* **Input records**
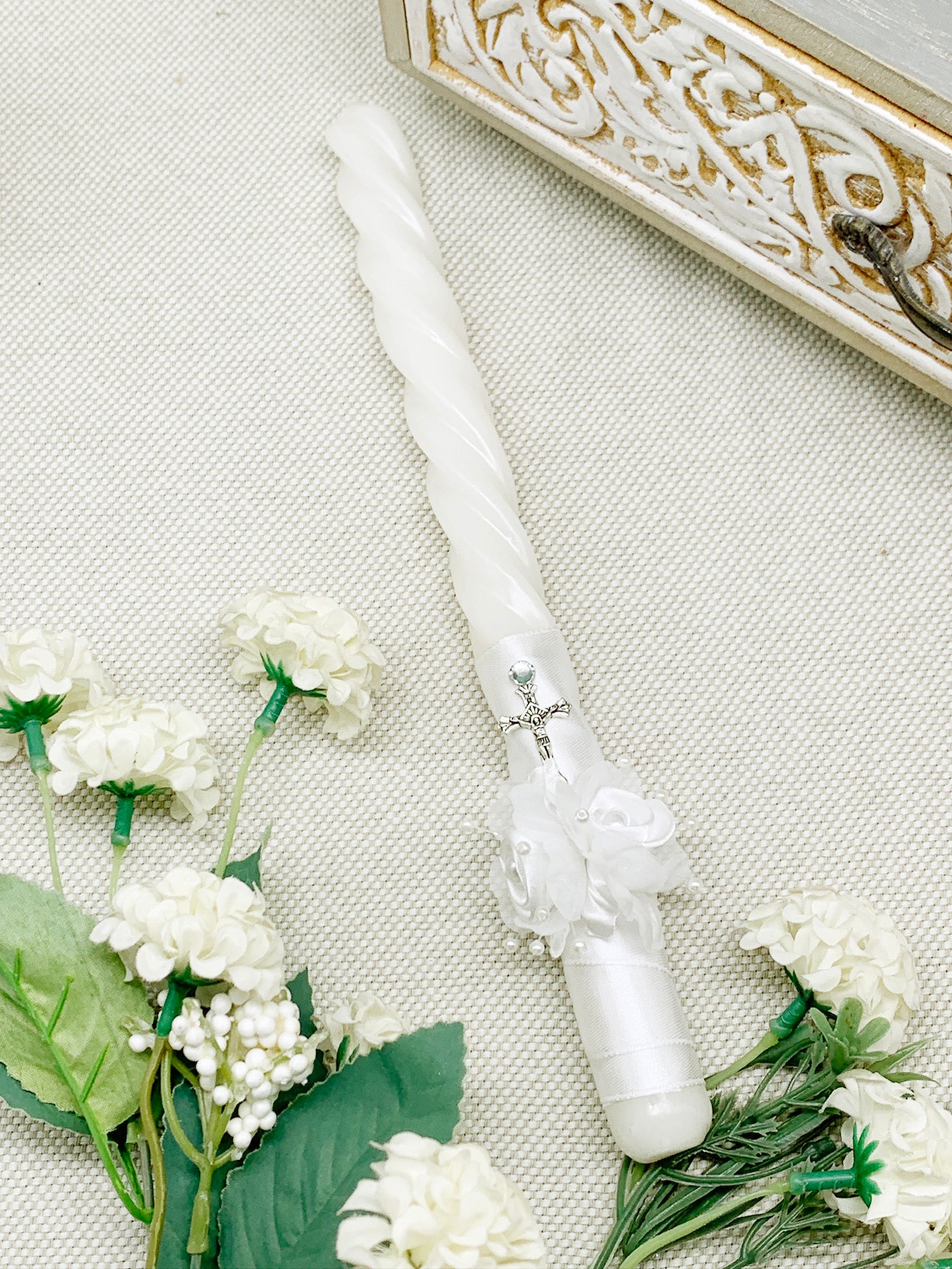 - Candela delgada decorada artesanalmente.
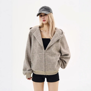 气质潮流慵懒时尚拉链外套条纹复合美式开衫连帽卫衣男女运动休闲
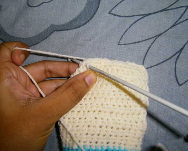 La vuelta. Cadena 1 continuar 1 hdc en cada puntada.
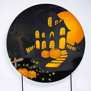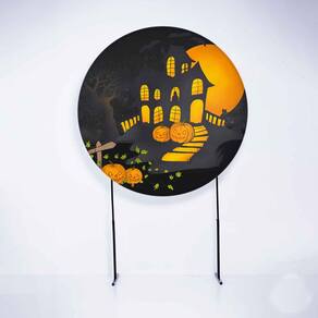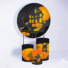 Kit Painel de Festa Redondo de 1,80m e Trio de Cilindros Halloween - Fera Print - Cor: Halloween 3
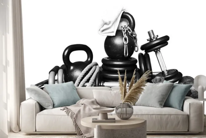Naklejka: Sprzęt dla kulturystyki zebrane w kupie sport
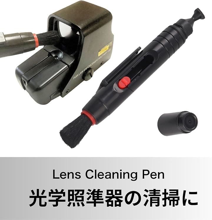 「ライフルスコープ・ドットサイトの清掃に」本製品は、ライフルスコープやドットサイトのレンズクリーニングに特化したレンズペンおよびブロアーのセット商品です。
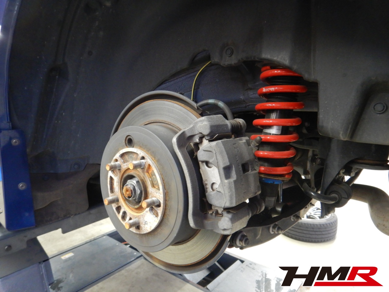 リフトアップして足廻りをチェックしていきます。まず最初にタイヤを縦横に揺らしてハブベアリングとボールジョイントのガタがないかチェックを行います。つづいてタイヤを回してベアリングの状態とブレーキの引きずりをチェックします。走行中に異音やハンドルのガタつきなどを感じた場合は当店へお早めにご相談下さい。

* **Task objective**
Leaving the pictures aside, copy exactly and only the lines from the one holding "Kit Painel de" through the final line of the data, both ends kept.

* **Answer box**
 Kit Painel de Festa Redondo de 1,80m e Trio de Cilindros Halloween - Fera Print - Cor: Halloween 3
Naklejka: Sprzęt dla kulturystyki zebrane w kupie sport
 「ライフルスコープ・ドットサイトの清掃に」本製品は、ライフルスコープやドットサイトのレンズクリーニングに特化したレンズペンおよびブロアーのセット商品です。
 リフトアップして足廻りをチェックしていきます。まず最初にタイヤを縦横に揺らしてハブベアリングとボールジョイントのガタがないかチェックを行います。つづいてタイヤを回してベアリングの状態とブレーキの引きずりをチェックします。走行中に異音やハンドルのガタつきなどを感じた場合は当店へお早めにご相談下さい。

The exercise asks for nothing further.